MATERIAL FOR THE TASK:
- - - - -

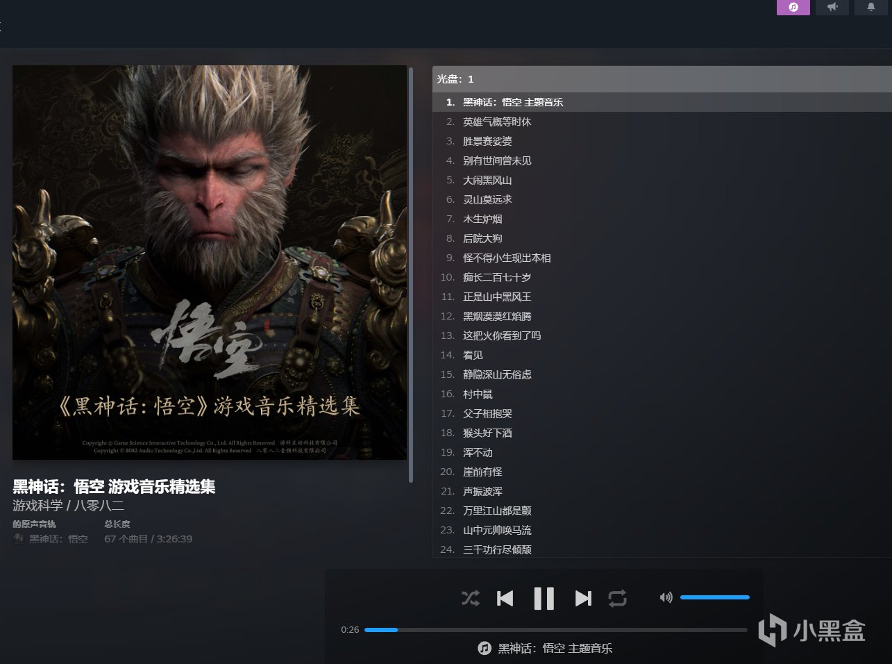 黑神话悟空之前虽然买了豪华版送了音乐原声,但每次要听必须打开游戏在小曲里听。
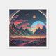 Alien planet landscape Psychedelic Space banner template, background Horizontal illustration of the future with mountains, planets, trees, moon Surrealist escapism
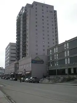 Centre Square Mall is an enclosed shopping mall in Yellowknife, Northwest Territories, Canada. The mall is noteworthy for being the largest shopping centre in the territory[1] and the tallest building in Northern Canada.[2] The first phase of the mall was opened in August 1990; the expansion of the mall beneath the Yellowknife Inn was opened in January 1995.[3][4]
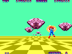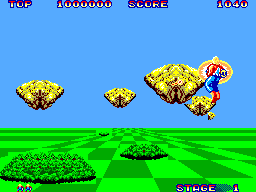 Space Harrier è un classico gioco d’azione e sparatutto a scorrimento pseudo-3D arrivato anche su Sega Master System, noto per la sua grafica colorata e l’azione frenetica.
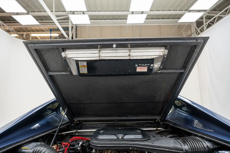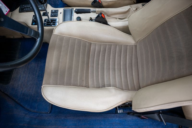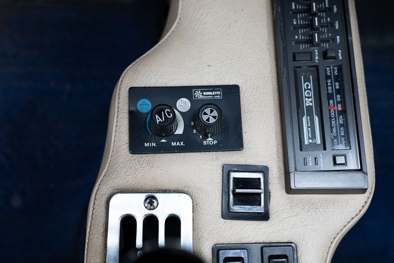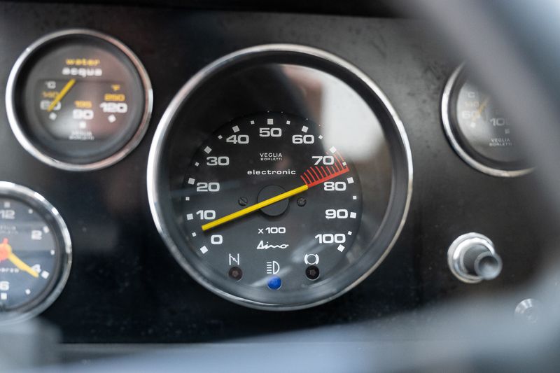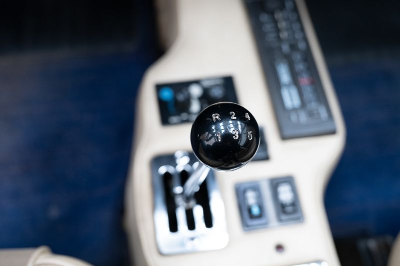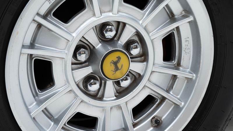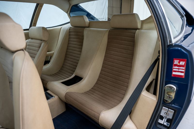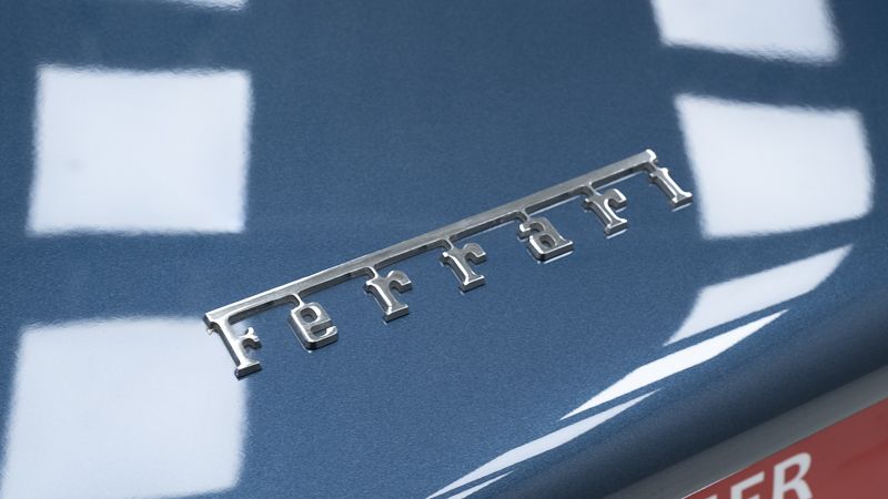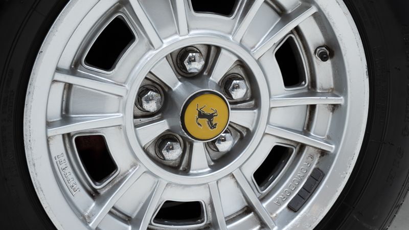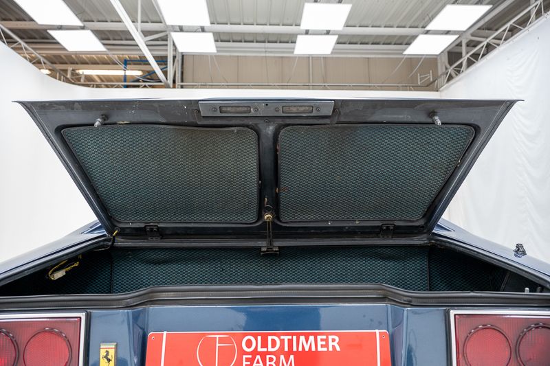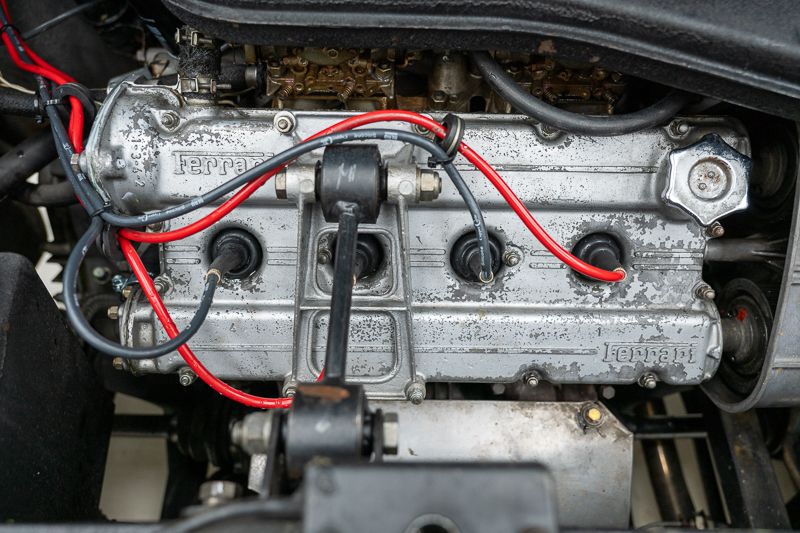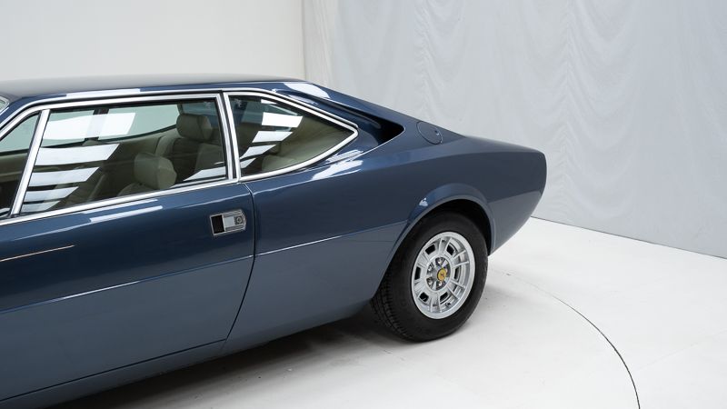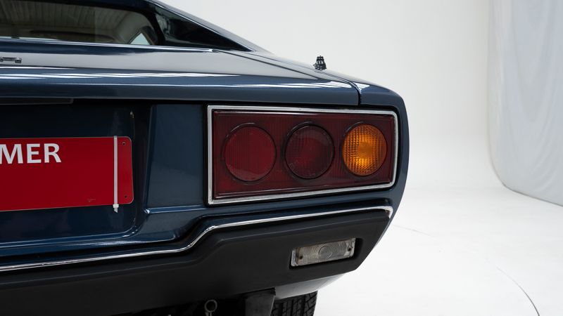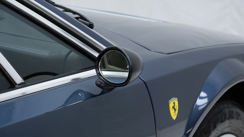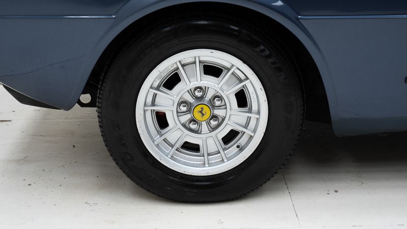 Cet exemplaire fut immatriculé pour la première fois le 01/01/1980 et se présente dans un état d’origine ancien. La carrosserie a été repeinte dans le passé et présente des traces d’utilisation cohérentes avec son âge et son caractère authentique. La couleur Blu Dino Metallizzato souligne élégamment les lignes de la GT4 et renforce son allure d’époque.
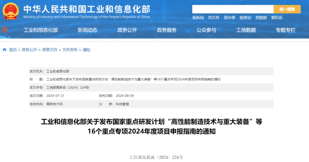 2024年度項目申報指南:關于發布國家重點研發計劃“高性能制造技術與重大裝備”等16個重點專項
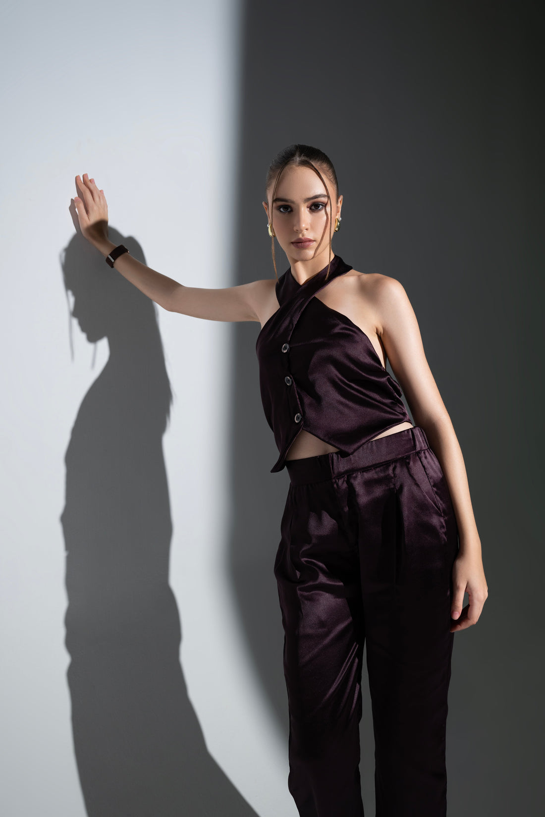 Backless Cross Neck Satin Co-ord Set ( Brown )

- - - - -

With the pictures left out, give again exactly the lines from the one that contains "Centre Square Mall" through the final line of the data above.

RESPONSE AREA:
 Centre Square Mall is an enclosed shopping mall in Yellowknife, Northwest Territories, Canada. The mall is noteworthy for being the largest shopping centre in the territory[1] and the tallest building in Northern Canada.[2] The first phase of the mall was opened in August 1990; the expansion of the mall beneath the Yellowknife Inn was opened in January 1995.[3][4]
 Space Harrier è un classico gioco d’azione e sparatutto a scorrimento pseudo-3D arrivato anche su Sega Master System, noto per la sua grafica colorata e l’azione frenetica.
 Cet exemplaire fut immatriculé pour la première fois le 01/01/1980 et se présente dans un état d’origine ancien. La carrosserie a été repeinte dans le passé et présente des traces d’utilisation cohérentes avec son âge et son caractère authentique. La couleur Blu Dino Metallizzato souligne élégamment les lignes de la GT4 et renforce son allure d’époque.
 2024年度項目申報指南:關于發布國家重點研發計劃“高性能制造技術與重大裝備”等16個重點專項
 Backless Cross Neck Satin Co-ord Set ( Brown )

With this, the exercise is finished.